IMPLEMENTATION OF ANTIVIRUS

Integrating comprehensive antivirus protection secures:

  • Control of all possible intrusion channels for viruses – email, HTTP, FTP, external storage media (floppy, CD, DVD, flash-cards, etc.), file servers;
  • Protection against various types of threats – viruses, network and email “worms”, “Trojan horses”, unwanted programs (spyware, adware, etc.);
  • Apart from being installed on endpoint devices (servers, workstations), antivirus software can be run on the Internet gateway, so traffic is scanned before reaching the network;
  • Continuous monitoring and periodic anti-virus scan of all servers and workstations;
  • Automatic notification when an “infection” or “treatment” of viruses has occurred;
  • Protection of mobile devices, etc.;
  • Deploying a corporate antivirus system will enable centralized management and software update distribution.

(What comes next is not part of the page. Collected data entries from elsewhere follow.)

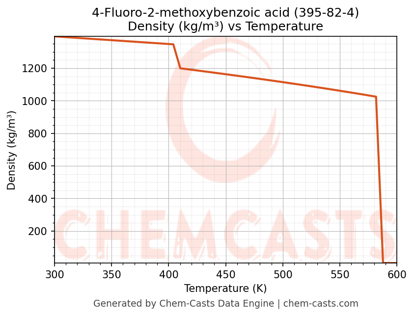 This page presents the temperature-dependent thermodynamic and transport properties of 4-Fluoro-2-methoxybenzoic acid (CAS 395-82-4) calculated at a constant pressure of 1 atm (101325 Pa) over the temperature range 250-500 K.
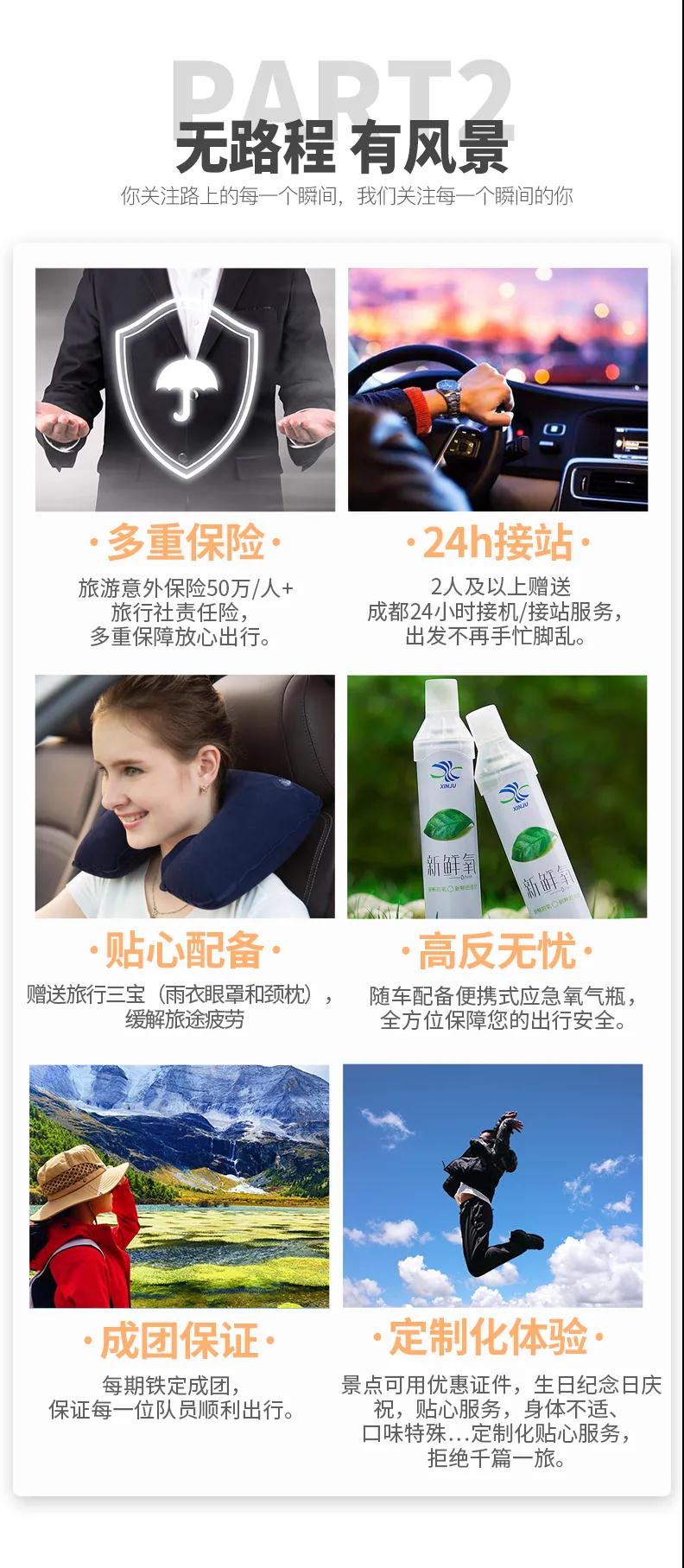 2、由于川西地區路況較差,山道狹窄,有可能因為堵車而發生延誤,請大家盡量預定第二天返程的航班或車次。
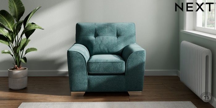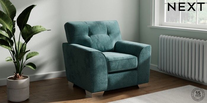 7.2.10 Buy Stamford Buttoned Back Armchair Chunky Chenille Mid Teal Green Square Angle - Chrome Metal from the Next UK online shop Click here to use our accessible website

TIPS WHEN LOOKING FOR A VENDOR

Today’s organizations require a comprehensive, multi-layer, defense-in-depth security strategy to successfully address malware-related issues. A successful antivirus installation will help protect assets and endpoint devices against targeted attacks, prevent data loss and theft, address security policies, and protect vital company information.

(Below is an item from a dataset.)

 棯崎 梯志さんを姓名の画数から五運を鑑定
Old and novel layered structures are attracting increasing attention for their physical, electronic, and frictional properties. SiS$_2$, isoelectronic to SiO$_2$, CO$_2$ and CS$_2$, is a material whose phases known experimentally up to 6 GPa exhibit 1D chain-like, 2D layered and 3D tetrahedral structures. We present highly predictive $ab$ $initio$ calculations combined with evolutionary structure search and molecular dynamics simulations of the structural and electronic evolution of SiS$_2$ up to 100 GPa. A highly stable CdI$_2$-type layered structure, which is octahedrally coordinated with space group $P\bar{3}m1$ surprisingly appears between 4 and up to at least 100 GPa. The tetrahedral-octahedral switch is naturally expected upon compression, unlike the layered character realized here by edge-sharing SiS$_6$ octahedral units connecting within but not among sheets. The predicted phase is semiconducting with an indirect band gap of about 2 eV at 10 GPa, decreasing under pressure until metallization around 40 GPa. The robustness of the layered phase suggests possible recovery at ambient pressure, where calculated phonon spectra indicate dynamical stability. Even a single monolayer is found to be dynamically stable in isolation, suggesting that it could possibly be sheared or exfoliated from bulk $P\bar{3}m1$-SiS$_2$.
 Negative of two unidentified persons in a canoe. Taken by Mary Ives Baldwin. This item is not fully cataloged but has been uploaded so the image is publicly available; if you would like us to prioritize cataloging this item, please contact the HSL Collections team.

Deploying the best antivirus is usually not enough. It must go hand in hand with other controls that ensure the organization is comprehensively protected. As part of building corporate anti-virus protection, look for vendors that offer a range of services, with scope varying in accordance with the needs of the client, and may include:

  • Preparation of proposals for the selection decision, so the customer is protected against compatibility risks, system scalability, additional hardware capacities, etc.;
  • Deployment of solutions on a limited segment, thus reducing potential risks for customer implementation, using the results of a “pilot” operation;
  • Preparing instructions and guidelines for further development on the basis of the results of the deployment of a limited segment;
  • Installation and configuration of a complete solution;
  • Standardization of requirements for anti-virus protection system with respect to installation, configuration, and operation of its components;
  • Development of instructional (operating) system documents for administrators and users;
  • Development of custom policies;
  • Conducting internal workshops in order to educate all participants.